Evaluating Generative Models via One-Dimensional Code Distributions¶

Conference: CVPR 2026
Paper: CVF Open Access
Code: https://github.com/zexiJia/1d-Distance
Area: Image Generation / Generative Model Evaluation
Keywords: Generative model evaluation, discrete visual tokens, no-reference quality assessment, histogram distance, VisForm benchmark

TL;DR¶

The evaluation of generative models is shifted from "continuous recognition features" to "discrete visual tokens." By using a 1D tokenizer to quantize images into token sequences, the authors design a training-free distribution distance (CHD) and a self-supervised no-reference quality score (CMMS). Both achieve state-of-the-art correlation with human judgment across multiple preference benchmarks.

Background & Motivation¶

Background: Generative model evaluation is historically dominated by FID, which extracts pooled features from Inception-V3 for real and generated images, fits two Gaussian distributions, and calculates the Fréchet distance. Subsequent improvements followed two paths: upgrading the feature space (CLIP-FID, DINO-FID) or distribution assumptions (CMMD using kernel MMD), or directly training scorers on human preference data (HPS, PickScore, Q-Align, DEQA).

Limitations of Prior Work: FID-like metrics correlate poorly with human perception. The root cause is that the underlying "recognition features" are trained for classification, aiming for invariance to appearance changes (texture, sharpness, local coherence)—the very cues humans are most sensitive to. Furthermore, global average pooling collapses spatial structures, masking local artifacts and compositional failures. Upgrading to CLIP/DINO preserves the "semantic invariance + global pooling" flaw, while MMD-based methods introduce kernel bandwidth sensitivity. Trained preference models require expensive annotations and fail to generalize to new styles.

Key Challenge: All existing methods share the design choice of evaluating generative models in continuous recognition feature spaces. Recognition features inherently discard appearance information. Formally, recognition training maximizes \(I(x_s;\phi(x))\) and suppresses \(I(x_a;\phi(x)\mid x_s)\), while the Data Processing Inequality \(I(q;x)\ge I(q;\phi(x))\) implies that any compression not optimized for quality \(q\) inevitably loses quality information.

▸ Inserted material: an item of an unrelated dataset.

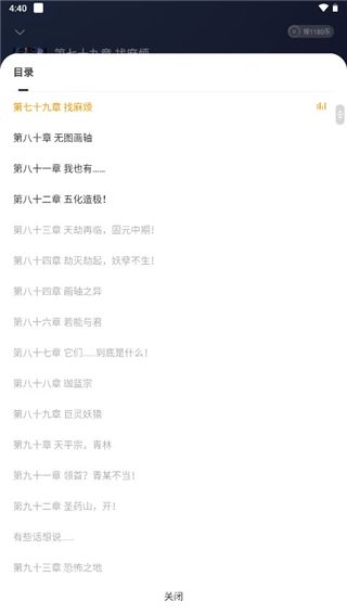 3、点击章节可以选择听书章节,听歌快进,快退等方式来调整内容

Key Insight: The authors observe that modern tokenizers (e.g., TiTok) follow the opposite path of recognition features—they are trained for image reconstruction and must preserve both semantics and appearance details in a unified, nearly lossless discrete index space. Previous analyses show that individual token positions can decoupingly encode attributes like blur, lighting, and sharpness. Crucially, quality manifests naturally in token statistics: natural images yield highly structured, low-entropy token patterns, while degraded images yield more random, high-entropy patterns (\(H(\mathbf{c}\mid q_\text{high})<H(\mathbf{c}\mid q_\text{low})\)).

Core Idea: Treat the discrete token space as a first-class evaluation domain. Evaluation is performed purely on token statistics: frequency (unigram) and local co-occurrence are used to measure distribution fidelity, and self-supervised learning on synthetically degraded token patterns is used to learn single-image quality.

Method¶

Overall Architecture¶

The framework centers on a common front-end: a TiTok model retrained on 100M images quantizes any \(256\times256\) image into \(N=128\) discrete tokens (codebook size \(|V|=4096\)). From this sequence, two paths emerge: CHD is a training-free set-level distribution metric comparing token histograms, and CMMS is a single-image no-reference quality score using a lightweight regressor trained via self-supervision on synthetic degradations. Finally, the VisForm benchmark, spanning 62 visual modalities, is introduced to stress-test these metrics under distribution shifts.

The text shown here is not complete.